Another important progress of SERS active NM NPs-based POC testing is to address emerging healthcare issues. A notable strategy is to use SERS tags (i.e., SERS active NPs pre-functionalized with reporter molecules with known Raman peaks) as labels for the LFA. As a distinct advantage over conventional LFAs, SERS tag-based LFA is more sensitive because a small amount of SERS tags specifically captured in the test line of LFA strip can provide strong Raman signal. In a recent study by Wang et al. (see Figure 6B), Raman dye-functionalized SiO2@Ag core@shell NPs were used as SERS tags for LFA of anti-SARS-CoV-2 (the virus that causes COVID-19) IgM and IgG [77]. The SERS signal intensities of the IgM and IgG test lines were conveniently recorded by a portable Raman instrument. The detection limit of this SERS tag-based LFA was 800 times lower than that of standard Au NPs-based LFA. Significantly, the SERS tag-based LFA was successfully applied to serum samples collected from COVID-19 patients, demonstrating the potential clinical use of the new technology. The platform of SERS tag-based LFA can also be applied to detection of other infectious diseases. For instance, Choo et al. developed a SERS LFA for serodiagnosis of scrub typhus, a mite-borne infectious disease [78].

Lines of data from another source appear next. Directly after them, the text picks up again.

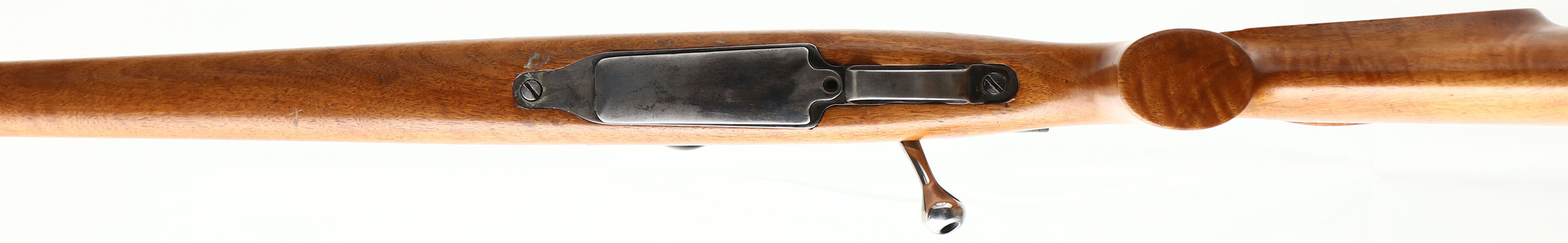 CUSTOM Eddystone, Model 1917 Enfield Custom Sporting Rifle, CAL: .270/.284 according to tag from consigner, MFG: 1918, SN: 1278863, Bolt Action Rifle, 26'' tapered barrel. The sporting Monte Carlo stock is excellent, with rollover-cheek & a flat pistol grip. The walnut stock exhibits very nice rippled grain, with minor scratches or contusions to the finish. The custom barrel is marked W.H. Hoboughon the left side of the barrel. Bill Hobaugh was well known as a quality barrel maker that practiced his trade for many years out of Phillipsburg, Montana. It was said that he was one of the few who would tackle custom octagon barrels & many custom rifle makers utilized his barrels & tubes. The barrel caliber is not marked on rifle. The un-blued (in white) barrel exterior is excellent. The receiver, floorplate & trigger guard retain remnants of the original finish. Bore is very good. The receiver carries a Lyman 2x-7x scope on Weaver detachable rings, with no open sights on barrel. Buttstock carries a Pachmayr ventilated recoil pad & sling loops. A nicely built custom sporting Enfield. FFL or C&R Req. - Value: 300 to 600
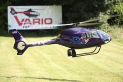 The H120 from VARIO is a 1050 size scale helicopter. You can power this remote-controlled model helicopter with turbine or electric propulsion. Eurocopter is the creator of the man-carrying version and Airbus Helicopters produces this helicopter. The EC 120 (H 120) is a large model made more impressive by its specially developed dome mechanics which leave the builder all the required space to build a full scale cockpit. The pre-welded landing skids and luggage door are exactly the same as the full size version. The fuselage was developed with 3-D data that was offered to Vario by Airbus Helicopters.
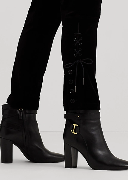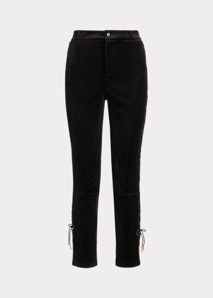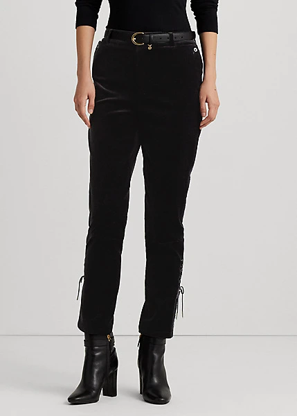 Confectionné dans un somptueux velours stretch, ce pantalon jodhpur slim arbore une silhouette taille haute raffinée. Ses renforts de genou illustrent l’ADN iconique d’inspiration équestre de Ralph Lauren, tandis que ses lacets lui confèrent une touche subtile.
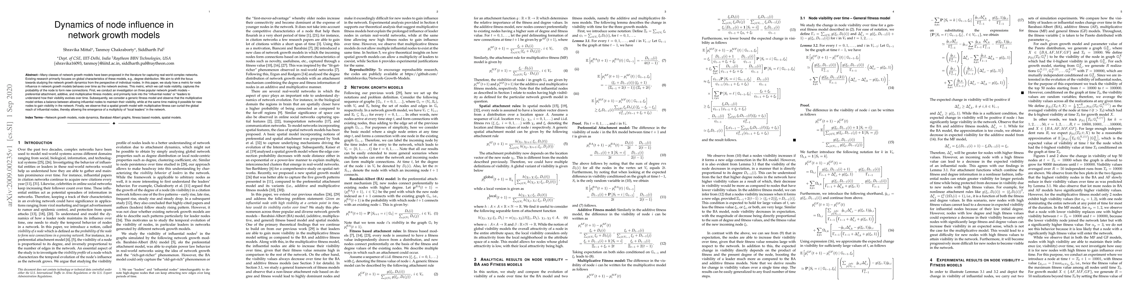This paper investigates the dynamics of node influence, termed "node visibility," in various network growth models, focusing on how influential nodes maintain or lose their prominence over time. It finds that multiplicative fitness models balance sustaining established influence while allowing new nodes to rise, and spatial growth models can foster local leaders by limiting the global reach of dominant nodes.
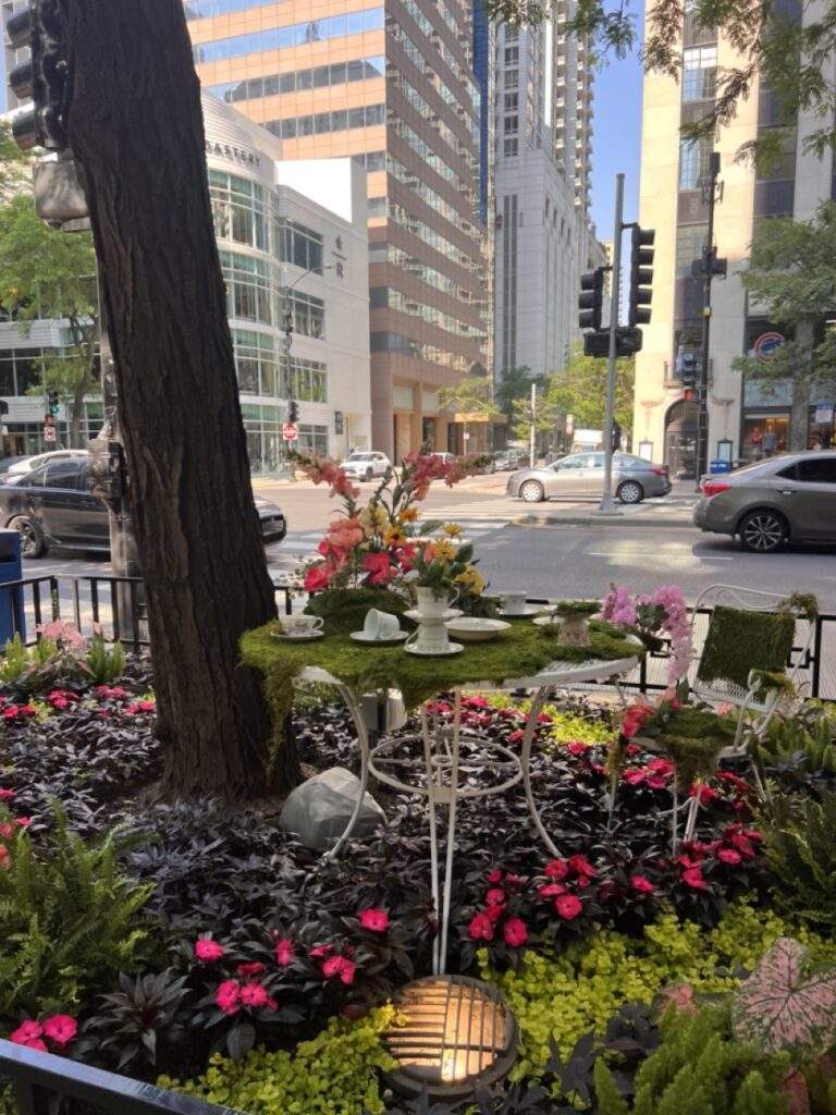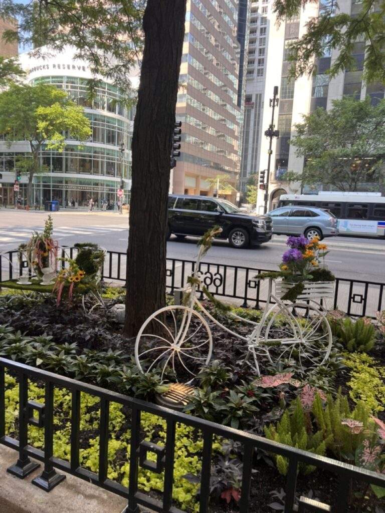 The garden beds are decorated with bikes and other items. Also, The Magnificent Mile is home to the largest Starbucks in the United States.
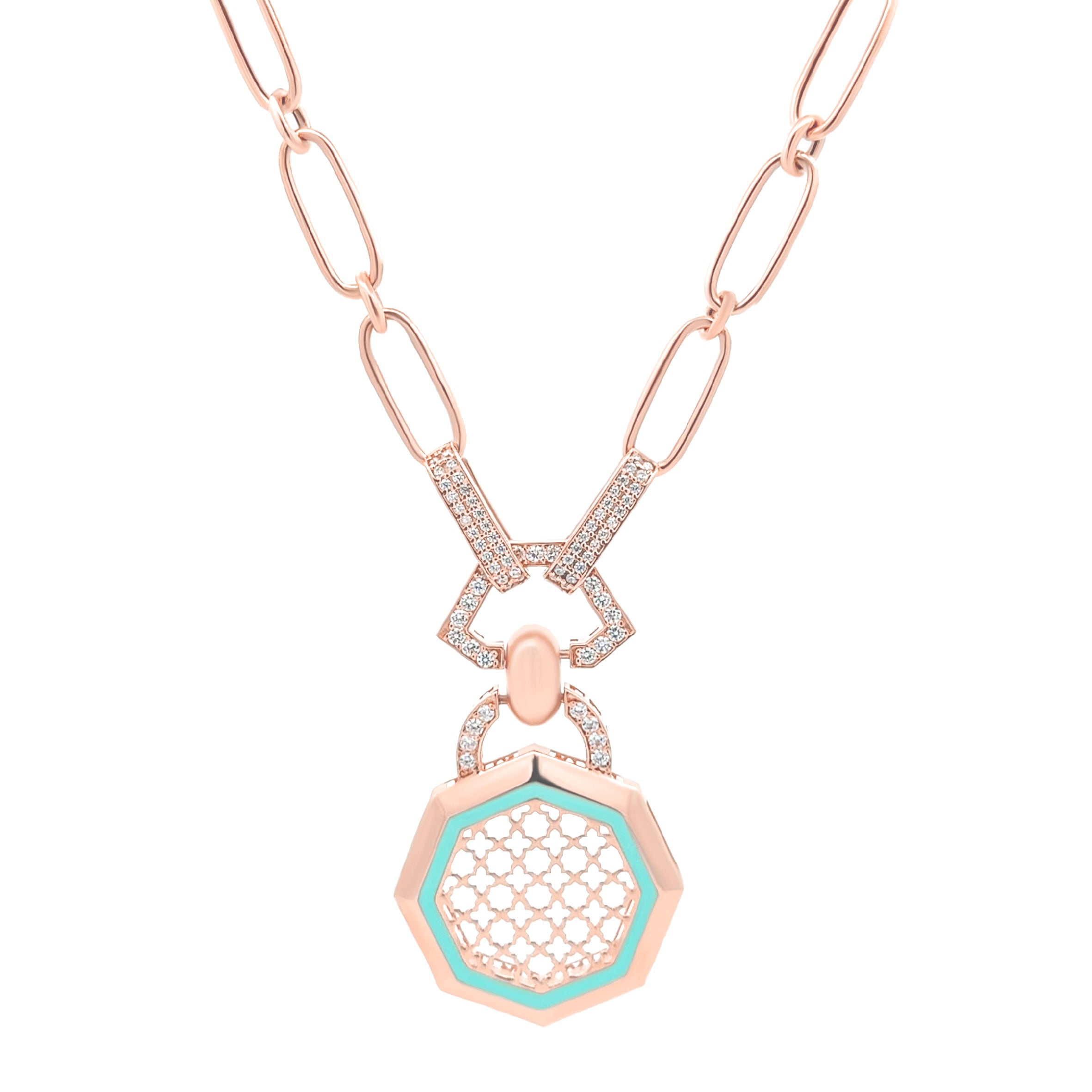 SAUTOIR HIKAYAT HARF en or rose 18K, met en lumière un pendentif octogonal finement travaillé, serti de zirconium étincelant et souligné par un contour en émail couleur vert d'eau. Le motif central rend hommage à l'art géométrique traditionnel. Un bijou lumineux, empreint de caractère et de finesse, qui reflète l'âme du patrimoine marocain.
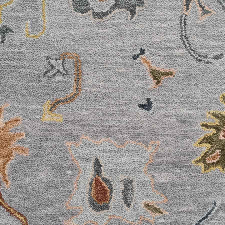 Rooted in timeless artistry, this hand-tufted rug is crafted from a premium blend of wool and viscose, offering both durability and refined beauty. The strength and warmth of wool meet the silky sheen of viscose, creating a plush surface that feels luxurious underfoot. Inspired by classic Oushak motifs, its decorative floral pattern brings depth and tradition into a modern setting. With a palette of deep steel grey, black, and soft accents of white dove and sage, this hand-tufted wool area rug anchors interiors with sophistication and character. Perfect for those who appreciate heritage design reinterpreted with contemporary materials.

3.5. Label-Free Colorimetric NM NPs-Based POC Tests

Owing to the outstanding optical properties, NM NPs (especially Au and Ag) have been demonstrated to be excellent colorimetric labels for POC testing where the detection results can be visualized by naked eyes. Importantly, the color of Au and Ag NPs can be tuned in the visible light spectrum by controlling NP morphology (e.g., size and shape) and/or elemental composition [79,80], which allows for the design of innovative POC tests, such as those capable of multiplexed detection.
In recent years, label-free colorimetric NM NPs have been utilized for the development of versatile and sensitive POC tests [81]. In this system, colorimetric NM NPs are not labeled with bioreceptors, which reduces the non-specific binding of NPs caused by bioreceptors and improves detection reproducibility. In a typical design, target analytes in an assay are linked to the generation of certain substance that can trigger the morphological or compositional changes of colorimetric NPs through creative mechanisms (e.g., growth and etching of NPs).
In a recent work by Xia et al. (see Figure 7A), Au/Ag alloyed nanocages are used as label-free colorimetric reporters for the detection of human carcinoembryonic antigen (CEA, a cancer biomarker) [82]. In this detection system, CEA is specifically captured by antibodies that are labeled with alkaline phosphatase (ALP). ALP can effectively catalyze the formation of ascorbic acid that induces the growth of Ag on the inner surfaces of Au/Ag nanocages. As the amount of Ag inside the nanocages is increased (which is correlated to CEA concentration), a distinct color change from light blue to blue, violet, magenta, and orange, can be visualized. As such, the concentration of CEA in a sample can be conveniently determined by comparing the color of assay solution with the color chart of CEA standards of known concentrations. It should be noted that, compared to the growth of Ag on the surface of solid NPs (e.g., Au nanospheres and nanorods), the growth of Ag inside Au/Ag nanocages is more efficient in tuning the color of NP suspension. This advantage ensures a high detection sensitivity of the Au/Ag nanocages-based detection platform.
In another work by Yang et al. (see Figure 7B), the color change of NP suspension was achieved through chemical etching [83]. Specifically, target antigen HIV-1 p24 was specifically captured by horseradish peroxidase (HRP)-labeled antibodies. HRP-catalyzed oxidation of 3,3′,5,5′-tetramethylbenzidine (TMB) can quantitatively mediate the etching of Au nanorods (Au NRs). The aspect ratio (length/width) of Au NRs was reduced as the extent of etching was increased, which led to various color changes. The assay was performed in a microfluidic platform that enables the integration of all analytical processing within one small chip, making the detection technique particularly suitable for POC testing.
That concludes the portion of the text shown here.